Differential Privacy
In lessons 3–6 we learned all about differential privacy in the context of deep learning. It’s really helpful to understand the modern definition by Cynthia Dwork : “Differential Privacy” describes a promise, made by a data holder, or curator, to a data subject, and the promise is this: You will not be affected, adversely or otherwise, by allowing your data to be used in any study or analysis, no matter what other studies, data sets, or information sources are available.” When training neural networks on sensitive data, we want to make sure that the network is only learning what it’s supposed to learn. To this end we learned to generate parallel databases that simulate one user’s data being removed, to test whether that affected the privacy of the database. We learned that the maximum amount that the query changes when removing an individual from the database is called the sensitivity of the query. We learned how to perform differencing attacks where we can expose the value of a person represented on a certain row in a database with different kinds of queries : sum, mean, and threshold.

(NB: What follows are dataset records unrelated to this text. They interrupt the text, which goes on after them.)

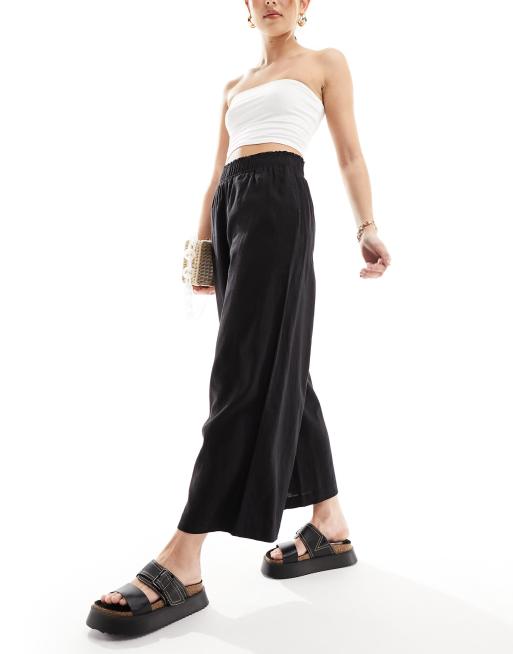 New Look – Czarne spodnie z krótszymi nogawkami z domieszką lnu
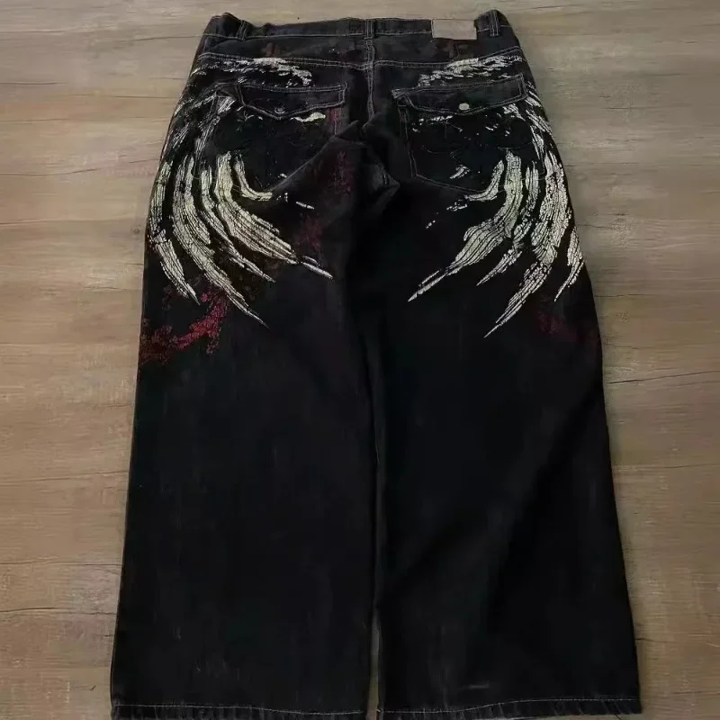 Classic Retro Y2K Loose Letter Denim Pants High Street Casual Punk Style Wide Leg Long Trousers for Men
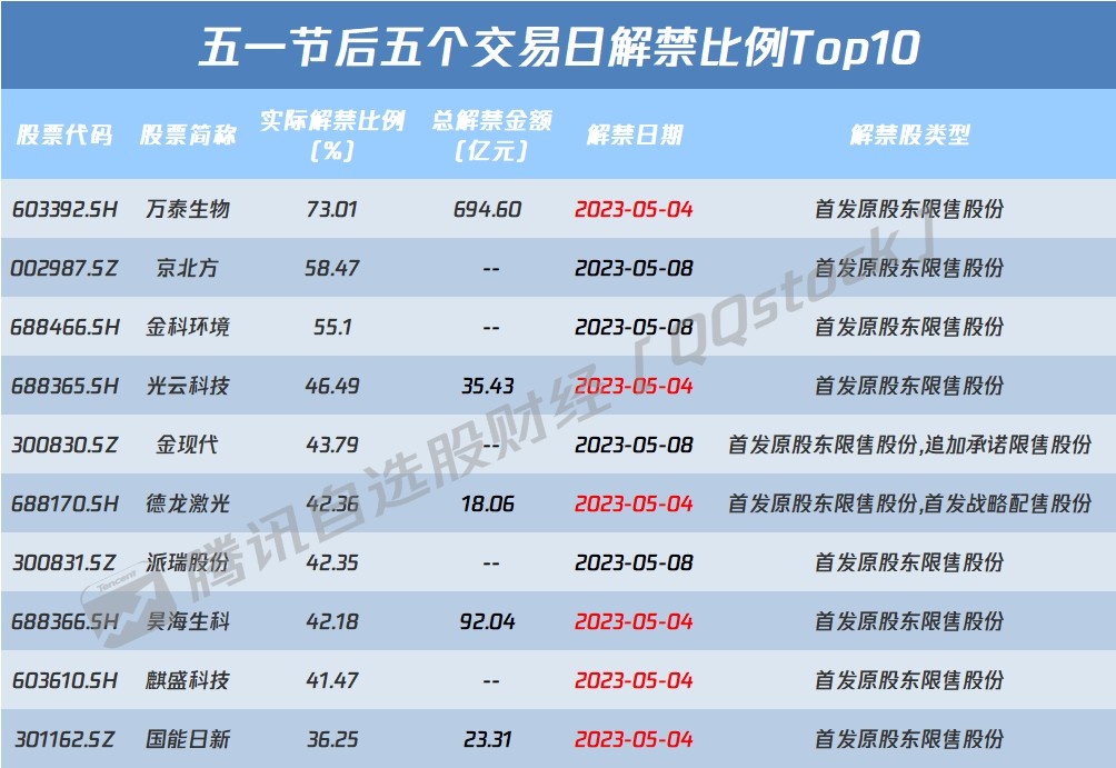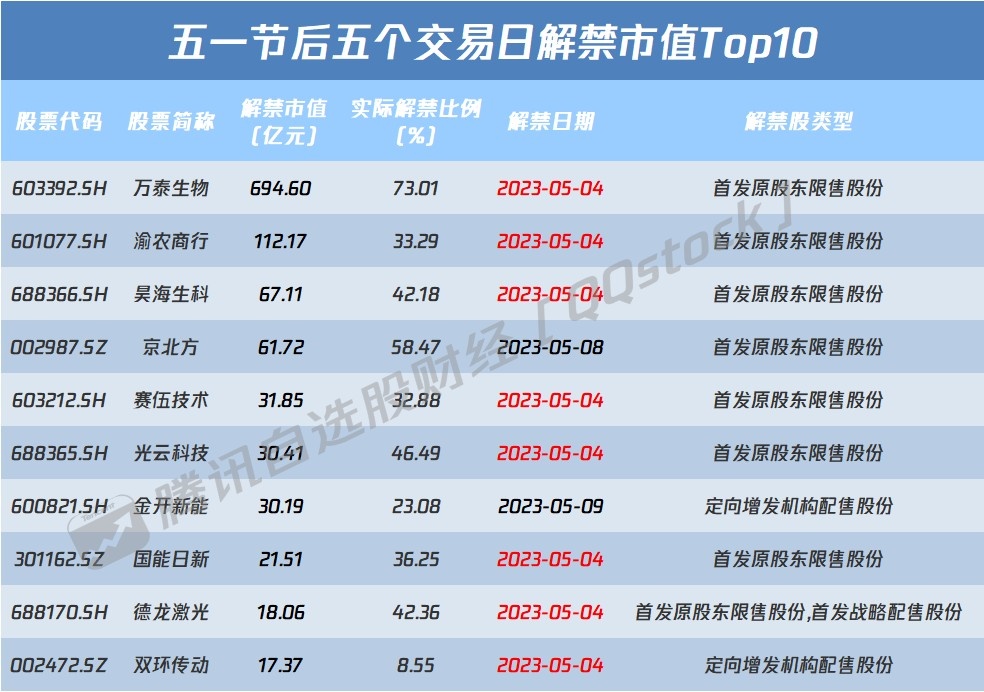从解禁比例来看,五一节后五个交易日万泰生物解禁比例达73.01%,其次解禁比例居前的分别为京北方和金科环境;从解禁市值来看万泰生物、渝农商行、昊海生科等股解禁市值居前。
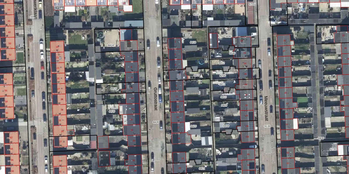 Gruttostraat 9 is gelegen op kadastraal perceel TIE00C8420. Deze kadastrale aanduiding is uniek en wordt gebruikt door het Kadaster om eigendomsrechten en andere zakelijke rechten vast te leggen. Het perceel maakt onderdeel uit van de kadastrale gemeente Tiel.
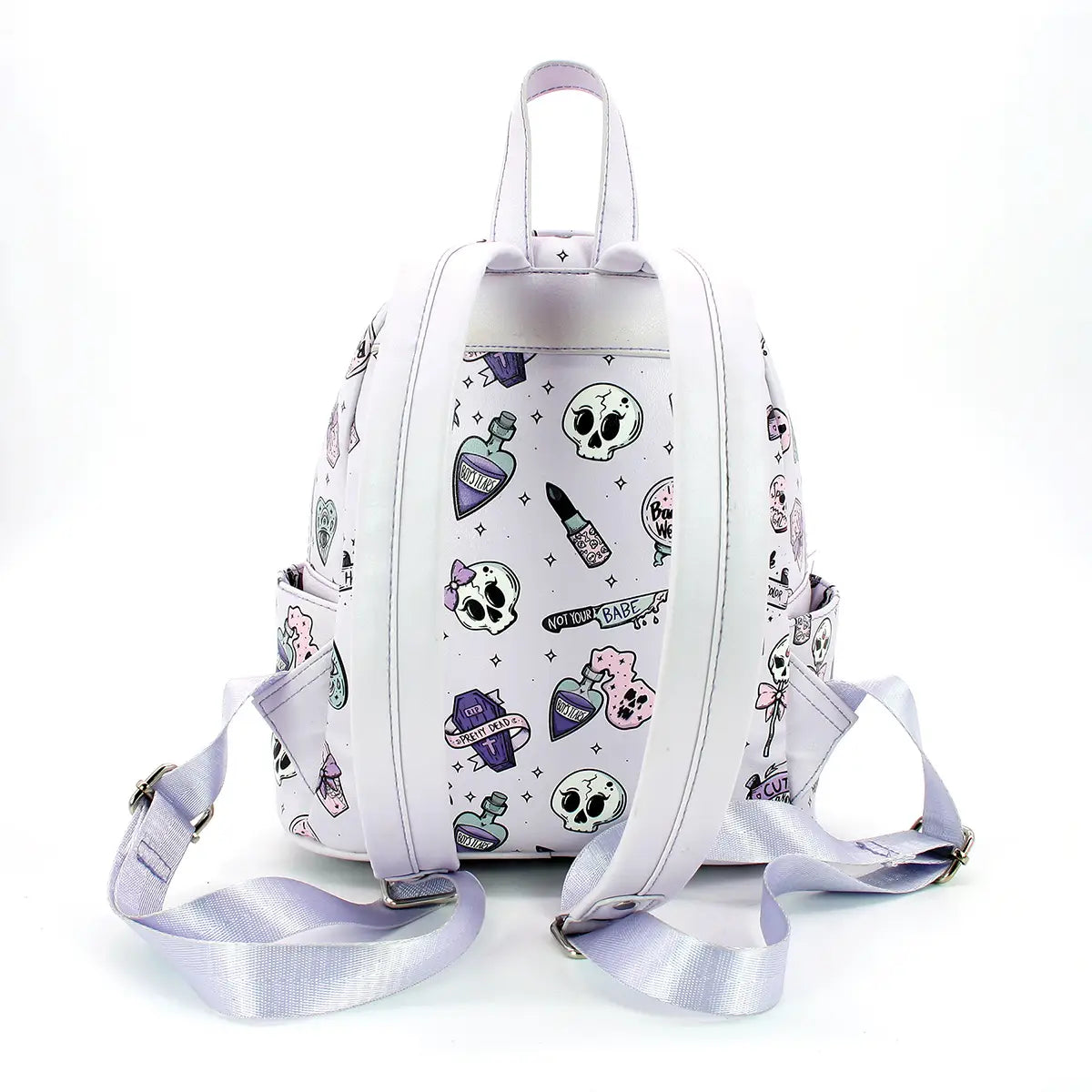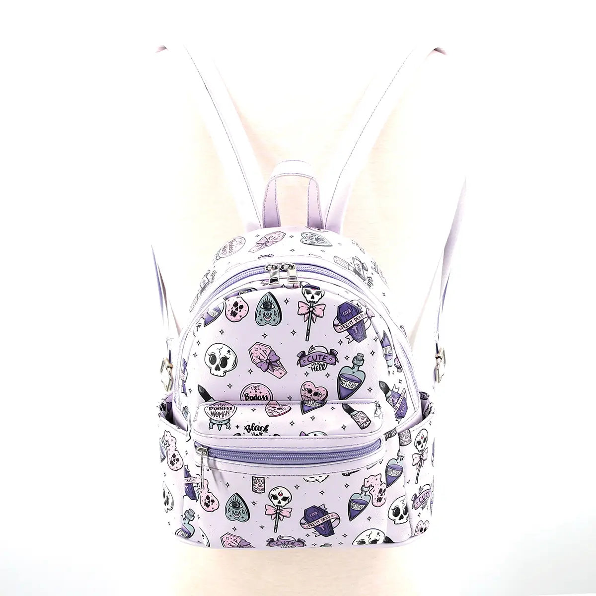 Spooky Girl mini backpack with all the cute Halloween graphics. Adjustable shoulder straps. Front zip pocket. Faux Leather material. Size: 9"x5"x9.5".

At the core of differential privacy technique is adding noise to the data. There are two ways to do this : Locally (local differential privacy ~ where noise is added to each data point) and globally (global differential privacy where noise is added to the output of the query) . We learned that with local differential privacy, you gain privacy but lose some accuracy. This is because when you’re adding noise to each datapoint, it’s collectively a lot of noise and you need a very large dataset to offset it. With global differential privacy we add less noise and gain accuracy but lose some privacy, and you can use a smaller dataset. Differential privacy aims to look for general characteristics and filters out unique private information.

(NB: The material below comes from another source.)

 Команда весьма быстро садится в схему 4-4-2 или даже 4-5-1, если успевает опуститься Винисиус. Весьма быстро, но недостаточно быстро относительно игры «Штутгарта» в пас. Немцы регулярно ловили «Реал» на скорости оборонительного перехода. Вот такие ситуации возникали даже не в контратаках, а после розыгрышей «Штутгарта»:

We also learned about differential privacy in terms of deep learning through protecting the privacy of patients in hospitals. For example, let’s say we are a hospital with unlabeled x-rays, and we want to use the labeled data from 10 partner hospitals to label our data. To do that, we could ask the 10 partner hospitals to generate 10 models based on their labeled data. Next, we can use their models to generate labels on our data and choose the most common result ( by using a combination of a differentially private query, max result, and Laplacian noise). At last, we can train our new differentially private model on our own local dataset. In the course, we look in detail at how all of this works under the hood.
Federated Learning
In Lessons 7–9 we learn about Federated Learning, a widely used technique for privacy in deep learning. It is used to train machine learning models on data to which we do not have access, and has an ability to do remote executions and train models in parallel on a large number of machines. What does this mean? For example, we have mobile phones with sensitive data and we don’t want anyone to have access to the data. So rather than sending the data to some central server to train a model, the model is sent to the phone (or millions of phones) to train. No data leaves the phone and the updated model returns to a trusted server. The toolkit that supports Federated Learning is called PySyft (an extension of PyTorch) created by the OpenMined open source community for privacy-related tools for deep learning (openmined.org). . In addition, we learned how to further enhance privacy with additive secret sharing, a protocol for Secure Multi-Party Computation (SMPC) to perform the aggregation across several “virtual workers” while the gradients are still encrypted.
That is just a taste of what we learned in the Udacity Secure and Private AI Challenge course. In fact, this medium post was one of the initiatives that the course proposed. It’s pushing me a little out of my comfort zone, but I hope that some of you have found it helpful and maybe even a little inspiring in your own learning journeys!